Cotton's staple fibre structure is fundamentally different from filament fibres like polyester or nylon. Each staple is a discrete length (20–32mm for standard upland cotton; 35–38mm for Pima/Egyptian) with a natural crimp. When ring-spun, these fibres twist into a yarn with a slightly textured, lofted surface. During the first 10–15 wash and dry cycles, the mechanical action of the drum, combined with heat and moisture, relaxes the yarn twist slightly and redistributes surface fibres. The tactile result is a progressive softening that consumers describe as "getting better with use." This is not just perception — surface fibre abrasion testing (FAST technology) confirms reduced surface friction coefficients of 8–12% after 15 wash cycles versus new garment state. For a loungewear brand, this means garments that generate stronger post-purchase satisfaction scores and word-of-mouth, without any additional finishing cost. No synthetic fibre replicates this behaviour: polyester maintains constant hand feel, while modal actually softens more at first use but plateaus quickly.
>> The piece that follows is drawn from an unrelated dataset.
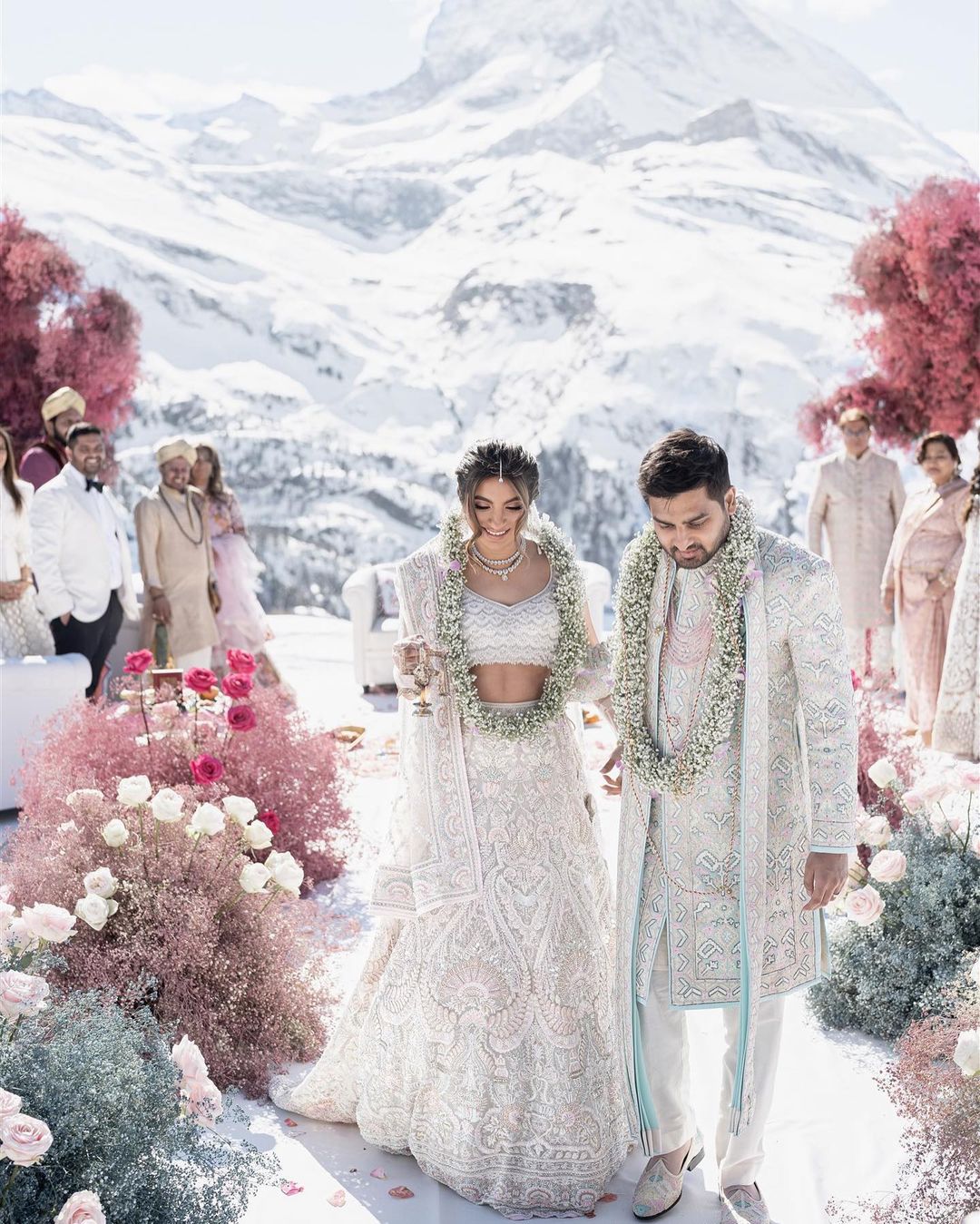 Bride Sonam and Groom Neil’s destination wedding in Switzerland is one we find ourselves endlessly in awe of. Honoring centuries-rich traditions with the decadent backdrop of Swiss snow-capped mountains, this destination wedding is one for the ages.

**02. Breathability Architecture for 8–12 Hour Wear**

Loungewear's primary performance demand is thermoregulation over extended sedentary or lightly active indoor periods. Cotton's mechanism here is passive hygroscopic absorption: the fibre absorbs moisture vapour from the microclimate between skin and fabric before it condenses as liquid sweat. At 7–8% moisture regain at 65% relative humidity, cotton maintains a dry-feeling skin contact surface through low-to-moderate perspiration loads. Compare this to polyester (moisture regain 0.4%) which immediately transfers liquid sweat to the fabric surface, or modal (moisture regain 10–13%) which absorbs more but dries more slowly. Cotton sits in the practical sweet spot for indoor conditions where ambient temperature is climate-controlled (18–24°C). The open fibre structure of single jersey cotton — particularly in lighter GSM builds (140–160 GSM) — allows additional convective air flow through the fabric, reducing thermal load during sleep or resting.
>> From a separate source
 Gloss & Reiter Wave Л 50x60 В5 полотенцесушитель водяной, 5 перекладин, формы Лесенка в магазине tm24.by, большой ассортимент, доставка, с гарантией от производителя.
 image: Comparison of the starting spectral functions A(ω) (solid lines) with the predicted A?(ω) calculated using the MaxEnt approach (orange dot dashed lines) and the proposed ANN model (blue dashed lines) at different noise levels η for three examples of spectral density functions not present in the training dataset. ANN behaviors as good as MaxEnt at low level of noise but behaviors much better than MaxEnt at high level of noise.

**03. Jersey vs Interlock — Structure Choice Determines Product Quality**

The construction decision between single jersey and interlock for cotton loungewear is not interchangeable and is frequently where sourcing mistakes happen. Single jersey (one set of needles, one yarn feed) produces a lighter, drapier fabric with a knit face and purl back. It has natural 2-way stretch of 40–60% in the width direction and is suited to tops, T-shirts, and sleep shirts where relaxed drape reads as premium softness. Its limitation is the tendency to curl at cut edges and its relatively lower dimensional stability — expect 5–8% width shrinkage after first wash without adequate pre-shrinkage finishing. Interlock (two sets of needles, yarn interlocked) produces a double-face fabric with identical appearance on both sides, higher density, better recovery, and significantly less curl. It's ideal for lounge bottoms (joggers, shorts) and dresses where structure and shape retention matter. GSM for interlock typically runs 180–240 GSM versus 140–200 GSM for jersey. Specify the construction by garment type, not by a single fabric standard across the range.

**04. Relaxed-Fit Construction Compatibility**

Cotton's low inherent stretch (without spandex addition) is actually an asset for relaxed-fit loungewear construction rather than a liability — provided the pattern is drafted correctly. Relaxed-fit silhouettes rely on ease allowance and fabric drape rather than stretch recovery for comfort. Cotton jersey's natural drape coefficient (measured by the Cusick drape test — typically 45–65% for 160 GSM jersey) delivers fluid, non-clingy silhouettes that sit away from the body correctly in oversized and boxy cuts. The critical point: if a brand is sourcing cotton loungewear and adding 5–8% spandex as default, they're increasing cost (spandex adds ₹30–₹60/kg to yarn cost) and reducing sustainability credentials for a construction that doesn't require it. Reserve spandex for fitted or athletic-adjacent lounge styles. For core relaxed styles, pure cotton interlock or cotton-modal blends (80/20) deliver better drape with no elastane cost or recycling complication.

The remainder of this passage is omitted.